On 15 May 1943, Suttill returned to London for unknown reasons. He was parachuted back in France over Romorantin, now Romorantin-Lanthenay, on 21 May 1943, with another SOE agent, France Antelme.  On his return, his confidence seemed shattered.  He feared that Prosper had been penetrated by the Germans, and he was highly critical of the ignorance of SOE personnel in London about the conditions he faced in the field. Arrests of people in Suttill's network began to multiply and concerns of betrayal heightened. On 19 June, Suttill sent a bitter message to London blaming SOE for the near-arrest of his newest wireless operator, Noor Inayat Khan, by directing her to a compromised letter-box. He cancelled all passwords and letter-boxes.    

On the night of 15-16 June, two SOE agents, Canadians John Kenneth Macalister and Frank Pickersgill, were dropped to one of sub-network leader Pierre Culioli's reception sites. On the morning of 21 June, Culioli and his courier, Yvonne Rudellat, set off with the two Canadians to catch a train to Paris unaware that the Germans had set up extensive roadblocks. They were caught and the Germans found packages of letters and instructions and radio crystals in the car, two of which were clearly labelled "For Archambaud". This led the Germans to Archambaud (Gilbert Norman, Suttill's wireless operator) because, as Culioli admitted after the war, he had the address of Archambaud in his briefcase when he was caught. Shortly after midnight of 23 June, a German officer pretending to be one of the recently parachuted Canadian agents came to the apartment where Norman was staying and he and Andrée Borrel were arrested. The apartment was full of identification cards and other documents. The Germans learned, presumably from the documents or from one of those arrested, where Suttill was and he was arrested mid-morning on 24 June where he was staying in a cheap hotel.

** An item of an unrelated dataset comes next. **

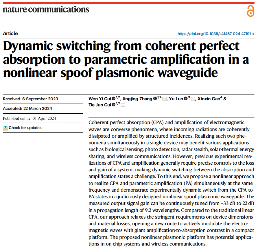 近日,极速炸金花 微波光子国家级重点实验室(天元实验室)罗宇教授联合东南大学张婧婧教授、崔铁军院士课题组,在《Nature Communications》上发表题为“Dynamic switching from coherent perfect absorption to parametric amplification in a nonlinear spoof plasmonic waveguide”的学术论文。该工作提出了一种基于非线性原理实现从相干完美吸收到参量放大的方法,并基于该方法实现了人工表面等离激元信号功率的大范围调控。实验室罗宇教授和东南大学张婧婧教授、崔铁军院士为论文共同通讯作者。

The arrests continued. On 1 July Jean Worms, head of the Juggler Network, and Armel Guerne, Suttill's de facto second in command, were arrested in a Paris cafe where Worms ate lunch every day. Over the next three months, hundreds of local agents associated with Prosper were arrested, of whom 167 are known to have been deported to Germany where about one-half were executed, killed, or died in concentration camps. The communists in the Paris suburbs with whom Suttill worked mostly survived the debacle because of their rigid security practices and their dependence on SOE only for arms and money, and not guidance and communications. The survivors of the Prosper Network were mostly in the sub-networks of Prosper scattered around northern France. One temporary survivor was newly-arrived wireless operator Inayat Khan who was not captured until 13 October.

Buckmaster's blunder
On 25 June, an agent in Paris radioed SOE headquarters in London that Suttill, Norman, and Borrel "had disappeared, believed arrested." Thereafter, there was radio silence from Paris about the fate of Suttill until 7 July when a message from Gilbert Norman's radio arrived in London. The message confirmed that Suttill had been captured, but apparently Norman was still at large and transmitting.  However, the message was strange. It was distorted, but that could have been caused by atmospheric conditions.  The style of transmitting, the "fist," was different than the usual for Norman, and, most importantly, both the "bluff" and "true" checks were missing from the message. These checks were spelling mistakes or phrases deliberately inserted into a message by a wireless operator to prove that it was indeed he or she who was transmitting.  The absence of the checks in a message meant the operator or the radio, or both, were under the control of the Germans and transmitting under duress. Norman had a high reputation for efficiency and character and SOE's French section leader, Maurice Buckmaster, refused to believe that he had been captured. He sent back a message to Norman's radio saying, "You have forgotten your double security check.  Be more careful next time." Buckmaster had inadvertently told the Germans how to transmit messages to SOE which would be accepted as genuine.

Funkspiel
Dr. Josef Goetz was the wireless expert at 84 Avenue Foch in Paris, the headquarters of the Sicherheitsdienst (SD), the security service of the German SS. When wireless operator Gilbert Norman was captured on 23 June, the Germans also captured his wireless set.  With this wireless, and others soon captured, including that of Noor Inayat Khan, and after Buckmaster's blunder on 7 July, Goetz was able to play radio games ("Funkspiel") with SOE headquarters. He sent false messages to SOE which were accepted as genuine. For months, Goetz persuaded SOE that the Prosper network was still active and functioning. The practical results were that Goetz deceived SOE into air-dropping arms and equipment into German hands and, with details of their travel, the Germans captured 17 SOE agents immediately upon their arrival in France. 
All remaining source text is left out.